Learning to see through drawing

I’ve been told so many times that art technique doesn’t matter. It’s all about ideas. I would like to argue that ideas can come from the knowledge acquired in art training. An interesting case study for this hypothesis is the work of the 19th century artist Charles Bargues.

Bargues’ Drawing Course

Bargues is best known as the print artist who did the images for the Drawing Course. The idea of the book is that you copy a series of about 100 drawings by master artists. The book is brilliant in that each drawing introduces a new concept building on ideas presented in the one before.
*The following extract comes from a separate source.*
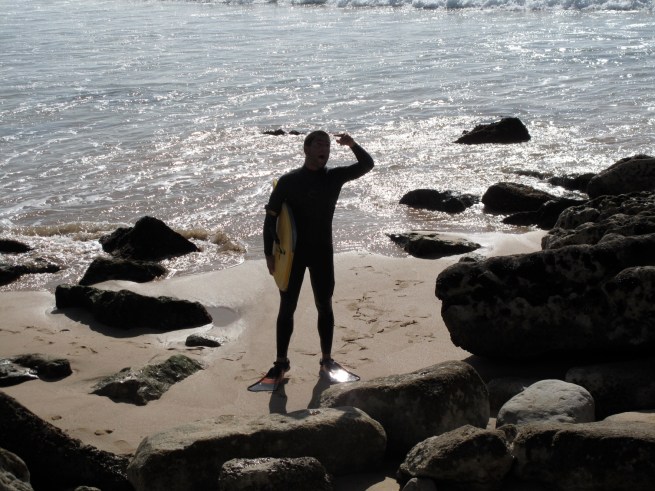 Rui (WHO HAPPENS TO BE THE COOLEST BODYBOARDER I HAVE EVER MET, sorry RUI to bag on your fellow boogers at Zavial) had decided to drive down that day to meet up with us for the afternoon session at Zavial. As we paddled out we saw Rui out in the pack with the dickheads, (not all of them were dickheads). He knew all the guys at the peak and when Louise and I paddled out Rui came over to say whats up and we caught up on the past week. When Rui went back to the pack they asked him, “You know that Mexican?” He just laughed and told them I was one HAWAIIAN. Actually Haolepino (half haole half filipino). My mustasche was in full swing and I was looking very banditotoish. Can’t blame them for their ethnic stereotype. The rest of the day was great (for us), no fights between us and the bodyboarders, and the waves were going off. The bodyboarder dickheads picked a fight with a surfer and sent him all the way to the beach and Kyle shot some picks of , Louise and I were trading off on the fish and the 6’3″ while the drama was in full swing scoring perfect waves.

Bargues did not do the initial drawings but he copied them to make lithograph prints. He’s considered the first student of the course.

How Bargues Art Changed

The image above is from the Harold Speed book, The Practice and Science of Drawing. It illustrates drawing what we know  (A) verses what we see (B). Beginner artists always struggle to let go of their conceptual understanding of the world and to actually look at the subject.

If we look at Bargues’ early work we see an artist who is producing the worst kind of orientalist art (large sense). Here is a First Nations women clearly not drawn from life presented as object of desire.

She is an idea, or a crude fantasy. After completing the Drawing Course project (which took over a year). The artist’s work changed dramatically.

Not only is his work technically more interesting but he’s now presenting a much more complex image of beauty and other cultures. Unlike his fantasy girl these images are done from life. He has seen a Mosque and seen men in the act of praying. From this lived experience he gives us a beautiful image of a spiritual moment.

Art’s biggest lesson is that we are naturally bad at observing. So much of how we see the world is based on preconceived ideas. Art forces us to challenge those ideas by really looking at the world.